The results reconcile the longstanding puzzle of why oceanic thunderstorms produce far fewer lightning flashes than continental storms for comparable rainfall. While thermodynamic controls (e.g., CAPE) and fine aerosol concentrations modulate convective invigoration and electrification in both environments, they cannot by themselves account for the land–ocean contrast. By quantifying the competing effects of fine aerosols versus coarse sea spray (CSS), the study shows that CSS weakens convection by promoting early coalescence and warm rain, thereby reducing supercooled liquid water and ice–graupel interactions that drive electrification. Consequently, lightning over ocean increases sharply with fine aerosol loading when CSS is scarce (approaching continental behavior), but elevated CSS suppresses lightning—most strongly at high fine aerosol concentrations where CSS most effectively restores coalescence. These mechanisms explain why CAPE×precipitation predicts lightning over land but not over ocean and elucidate the large variability of oceanic lightning. The findings imply that marine lightning occurrence is controlled by the balance between fine aerosol invigoration and CSS-induced warm rain enhancement, with CSS often dominating over the ocean.
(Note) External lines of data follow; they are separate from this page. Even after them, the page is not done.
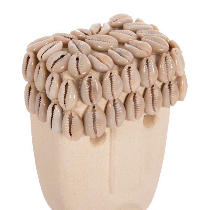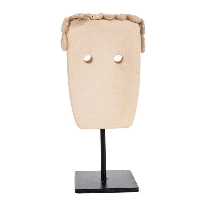 Το επιτραπέζιο διακοσμητικό FB94313 θα δώσει μια άλλη «αύρα» στον χώρο σας. Πρόκειται για ένα μακρόστενο προσωπείο με κοχύλια, σε ΦΥΣΙΚΗ απόχρωση, τοποθετημένο σε ένα ΜΑΥΡΟ μεταλλικό stand. Αυτό που κάνει όμως το FB94313 να ξεχωρίζει είναι η σημειολογία του. Είναι κατασκευασμένο από PARAS STONE, το οποίο στα ελληνικά αποδίδεται ως «τυχερή πέτρα» και λέγεται ότι φέρνει τύχη στον κάτοχό του. Προέρχεται από την Ινδική μυθολογία στην οποία το PARAS STONE είχε την ιδιότητα να μετατρέπει οποιοδήποτε αντικείμενο σε χρυσό.
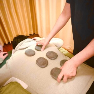 温めた石(玄武岩)を使って身体を温めながら行う施術法となります。ただの「温め」ではなく、深部まで熱を入れて筋肉を緩める手技で、手だけでは届きにくいところまでじんわり圧+熱で緩めるのが特徴です。
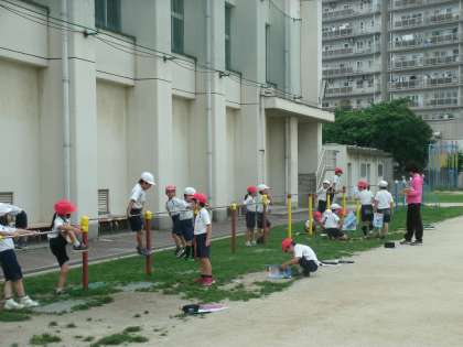 2年1組は、運動場で体育の学習をしていました。副読本を参考にして鉄棒の技を練習していました。
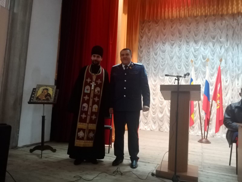 Духовнику Юрта, благочинному приходов Нижнедонского округа вручили памятный знак -«450 лет служения донского казачества Российскому государству».
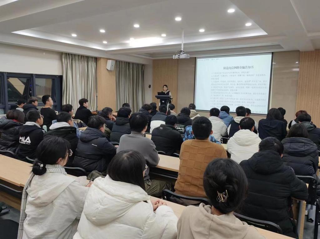 会上,辅导员带领学生一同观看防诈案例视频和宣传短片,学习防范电信网络诈骗宣传手册,向学生普及网络电信诈骗的常见手法和新型方式等,告诫同学们牢记“八个凡是”,用好七个反诈利器。随后,辅导员带领同学们认真学习了《中华人民共和国反电信网络诈骗法》部分章节,并组织学生现场签署“不参与电信网络诈骗犯罪承诺书”。
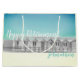 Große Ruhestandsgeschenktasche mit Strandhütten in Grauem, im Blau und im Gelb.
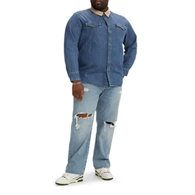 Levi's Men's 501® Original Fit Big & Tall Jeans, Light Indigo Destructed, 48W / 32L
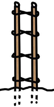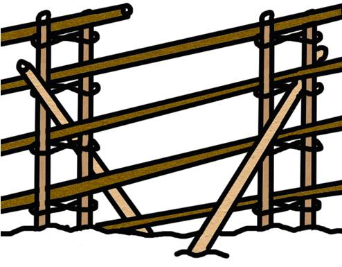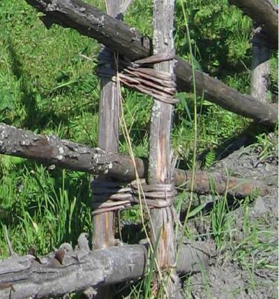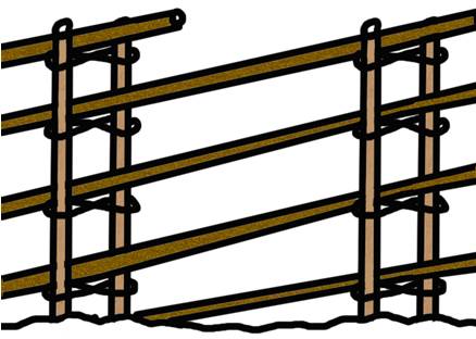 Затем в каждой паре делаются завязки из тонких гибких ветвей (в случае отсутствия ветвей их можно заменить шнуром или любой другой крепкой и долговечной верёвкой), по четыре завязки на пару жердей через каждые 15-20 см.
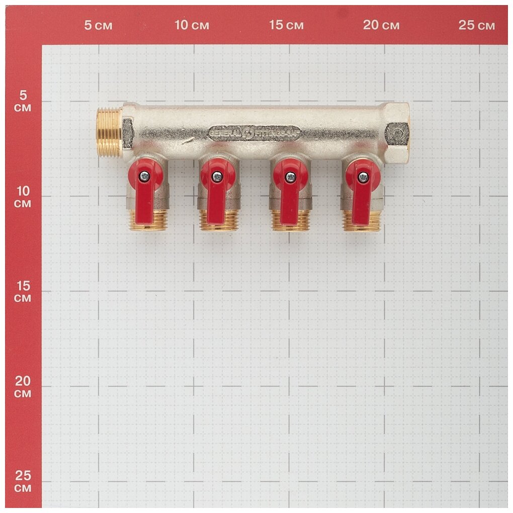 Stout Manifold with ball valves 3/4, 4 outlets 1/2 red handles
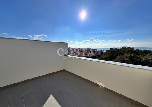 In Povljana auf der Insel Pag steht eine Maisonette-Wohnung in einem Neubau zum Verkauf. Die Wohnung mit einer Wohnfläche von 74,15 m² befindet sich im zweiten Obergeschoss eines Wohngebäudes mit 10 Wohneinheiten. Im zweiten Obergeschoss befinden sich ein Schlafzimmer, ein Badezimmer, ein Abstellraum und ein 14,40 m² großer Balkon. Über die Galerie gelangen Sie in ein geräumiges Wohnzimmer, eine Wohnküche und ein Treppenhaus. Zur Wohnung gehören außerdem ein 5,46 m² großer Abstellraum und ein Außenstellplatz. Die Gesamtnutzfläche der Wohnung inklusive aller Nebenkosten beträgt 106,01 m² (85,66 m² Nutzfläche).
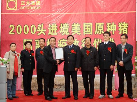 放行儀式上,陜西出入境檢驗(yàn)檢疫局代表做了檢疫放行報(bào)告:“經(jīng)過(guò)3個(gè)多月的隔離檢驗(yàn),正大集團(tuán)農(nóng)牧食品企業(yè)(中國(guó)區(qū))引進(jìn)的2000頭原種豬完全符合安全檢疫標(biāo)準(zhǔn),準(zhǔn)予放行。”陜西出入境檢驗(yàn)檢疫局代表為正大集團(tuán)陜西區(qū)陳強(qiáng)總裁頒發(fā)了《種豬檢疫合格證書(shū)》。
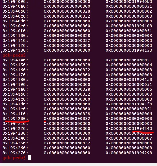 대부분은 next 포인터의 하위 한바이트를 0x00으로 만들면, 이전 노드의 mem 주소를 가리키게 되지만, id=6을 보면, notes의 내용이 가리키는 주소로 변경가능하다. 그렇다면, 6번 노트의 next 포인터를 하위 한바이트를 조져서 0x..200을 가리키게 하자.
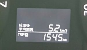 そして6カ月点検を受ける店舗まで15㎞程度走ると5.2㎞/ℓまでは上がりましたが、その間も燃料の目盛りは1つ下がっていました。
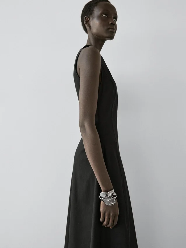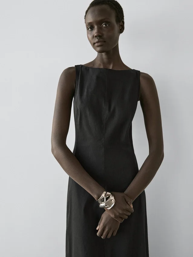 Lång klänning tillverkad av linne. Halterneck. Ärmlös. Dragkedja i ryggen.
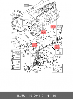 1-19199-411-0 ISUZU Кронштейн трубки впрыска топлива 119199-4110

Fine and coarse soluble aerosols exert opposite controls on deep convective cloud intensity, phase partitioning, and electrification. Fine aerosols (CCN) suppress coalescence, invigorate convection, increase mixed-phase precipitation, and enhance lightning; coarse sea spray (CSS) enhances coalescence, shifts precipitation toward warm rain, weakens convection, and suppresses lightning—by up to ~90% across observed CSS ranges, with the strongest suppression at high fine aerosol concentrations. Accounting for these contrasting aerosol effects resolves much of the land–ocean lightning discrepancy for a given rainfall and clarifies aerosol–cloud–precipitation–lightning interactions. Climatically, CSS-driven conversion of mixed-phase to warm rain reduces latent heat of freezing and upward heat transport for a given surface rainfall, implying a need for more rainfall to balance tropospheric radiative deficits over oceans. Incorporating both fine and coarse marine aerosol effects into weather–climate models should improve simulations of rainfall amounts, vertical latent heating distributions, and atmospheric circulation. Future work could include independent replication of lightning responses using additional calibrated datasets and further observational tests of ultrafine aerosol invigoration mechanisms.
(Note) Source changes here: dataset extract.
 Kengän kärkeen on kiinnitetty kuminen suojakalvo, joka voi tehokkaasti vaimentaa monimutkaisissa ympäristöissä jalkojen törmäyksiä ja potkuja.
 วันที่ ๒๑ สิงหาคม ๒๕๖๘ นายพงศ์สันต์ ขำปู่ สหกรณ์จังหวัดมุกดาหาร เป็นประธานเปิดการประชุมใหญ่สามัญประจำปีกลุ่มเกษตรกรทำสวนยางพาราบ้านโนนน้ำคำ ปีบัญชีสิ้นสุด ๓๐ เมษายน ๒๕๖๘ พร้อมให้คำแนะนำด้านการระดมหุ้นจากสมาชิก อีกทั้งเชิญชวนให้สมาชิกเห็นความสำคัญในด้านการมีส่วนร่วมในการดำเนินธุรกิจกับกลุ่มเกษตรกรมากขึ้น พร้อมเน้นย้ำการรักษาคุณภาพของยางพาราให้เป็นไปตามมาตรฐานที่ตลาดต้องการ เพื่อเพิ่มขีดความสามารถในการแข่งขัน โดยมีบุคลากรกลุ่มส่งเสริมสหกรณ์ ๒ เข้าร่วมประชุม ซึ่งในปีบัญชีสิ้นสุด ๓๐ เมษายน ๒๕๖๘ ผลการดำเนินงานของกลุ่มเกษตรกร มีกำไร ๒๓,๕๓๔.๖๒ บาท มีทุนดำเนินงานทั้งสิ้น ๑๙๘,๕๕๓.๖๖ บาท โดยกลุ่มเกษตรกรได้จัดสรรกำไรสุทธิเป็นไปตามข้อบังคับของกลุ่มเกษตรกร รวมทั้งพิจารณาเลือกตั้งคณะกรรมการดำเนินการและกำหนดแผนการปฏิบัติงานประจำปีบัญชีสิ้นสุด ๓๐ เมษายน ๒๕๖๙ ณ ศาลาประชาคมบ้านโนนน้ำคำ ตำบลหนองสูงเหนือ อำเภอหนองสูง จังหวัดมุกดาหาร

The analysis relies on WWLLN lightning detections; while performance is characterized and relative detection efficiency is high over the study regions, other independent lightning measurements with published sensitivity characterizations at the same time–space scales were not available for replication. Aerosol properties are from the MERRA-2 reanalysis, which, despite strong validation against AERONET, remains an assimilated product and may carry associated uncertainties.